Shin-Osaka is the station where the shinkansen stops. Osaka Station is the main hub for all local commuter trains and subways. These two stations are four kilometers apart. Adding to the confusion, Umeda Station is right next door to Osaka Station and is where all the other train companies' trains stop.

If arriving via shinkansen, exit the shinkansen turnstile and head for the JR train bound for Osaka Station (on the Tokaido Line). Exit Osaka Station to find yourself in the city’s central transportation and business hub. Every other destination and attraction in Osaka can be easily accessed via an Osaka/Umeda Station train line.

Osaka is the kitchen of Japan, and Tenma is the kitchen of Osaka

Everyone loves a good meal, but Osakans take dining to a whole other level. The sheer concentration of restaurants and izakayas, which at times seem to outnumber housing and offices should be a testament to this. Tenma is the pinnacle of this obsessive dining culture.

Nakanoshima—the municipal center of the city

The center of government in Osaka, Nakanoshima is a well-designed and beautifully manicured slice of the city. This thin strip of land stretches four plus kilometers east to west. Nakanoshima is home to the city hall, a handful of museums and historically preserved buildings, and a beautiful promenade and park for walking.

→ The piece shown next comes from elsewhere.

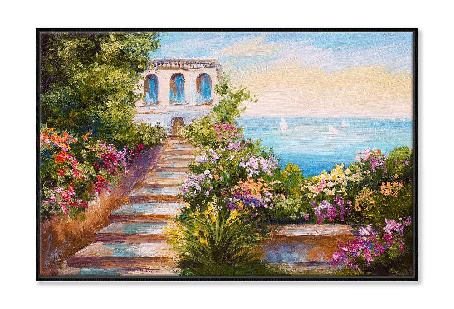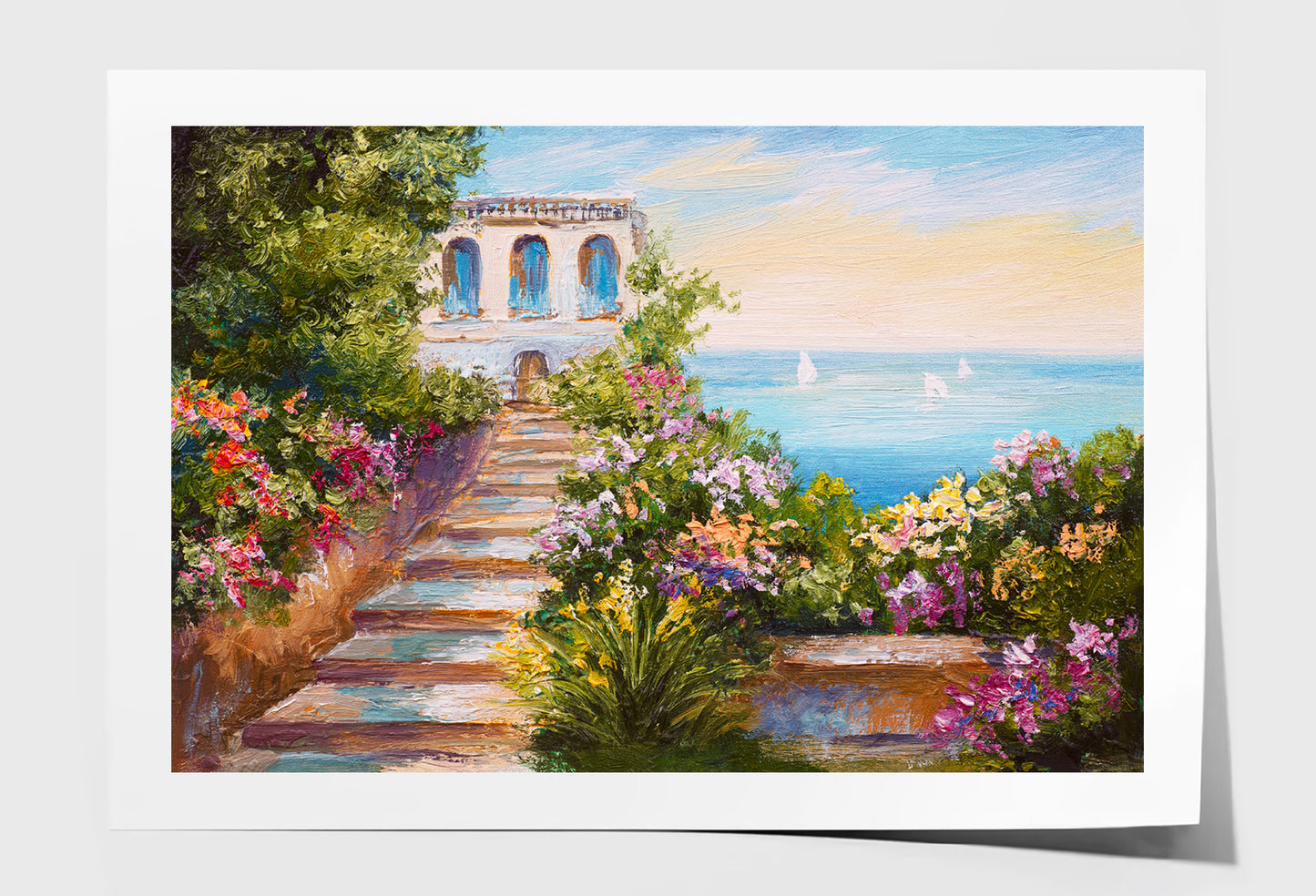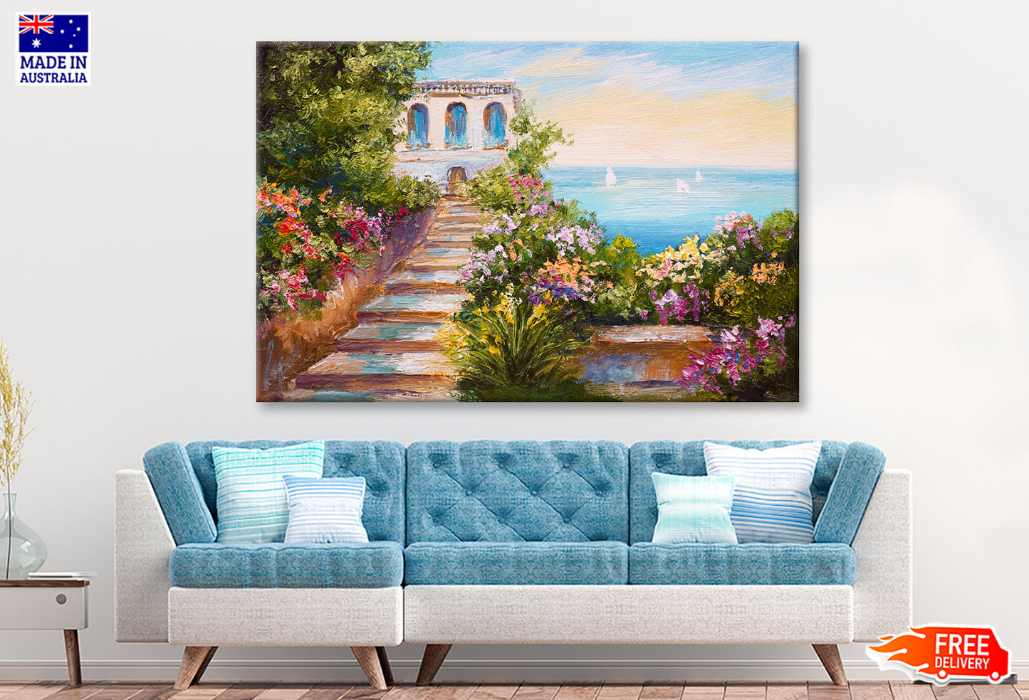 House near the Sea & Colorful Flowers Oil Painting Wall Art Limited Edition High Quality Print
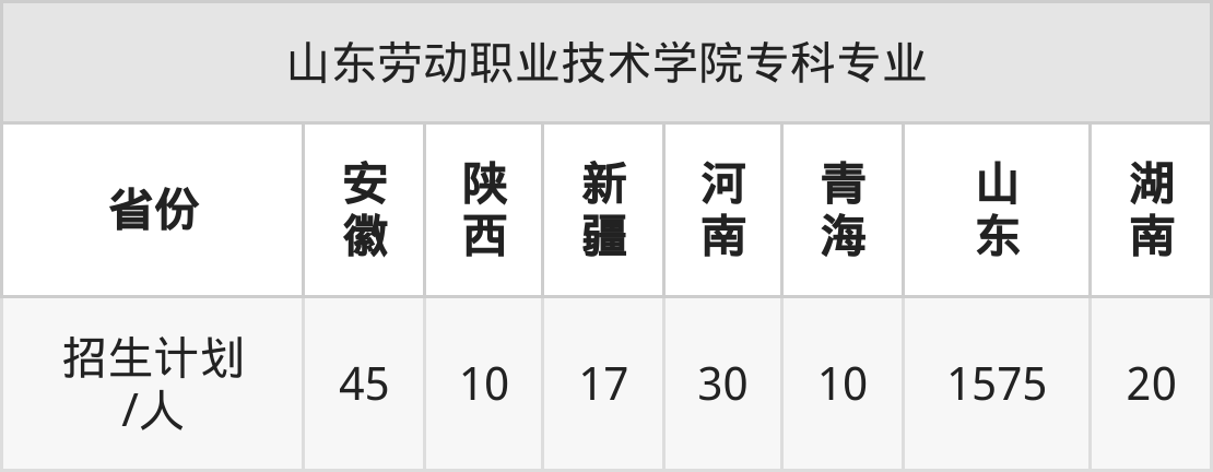 山东劳动职业技术学院面向陕西(10人)、新疆(17人)、河南(30人)、青海(10人)、山东(1575人)、湖南(20人)、安徽(45人)等7个地区开展专科招生。其中山东招生批次为二段,其余省份为专科批。

Come in temperate weather to enjoy a leisurely stroll stopping at the museums and various points of interest along the way.

Planning a trip

With the crowds of people flowing from one path to the next, Umeda and the surrounding northern area of the city can seem a little overwhelming but is certainly worth experiencing, particularly if you are a fan of urban spaces and efficient development.

The essence of urban Japan

Given the number of people who come through the station everyday, it’s incredible that the trains manage to stay on time, the streets manage to preserve their clean appearance and pedestrians maintain a generally calm composure despite the seeming chaos erupting from all directions.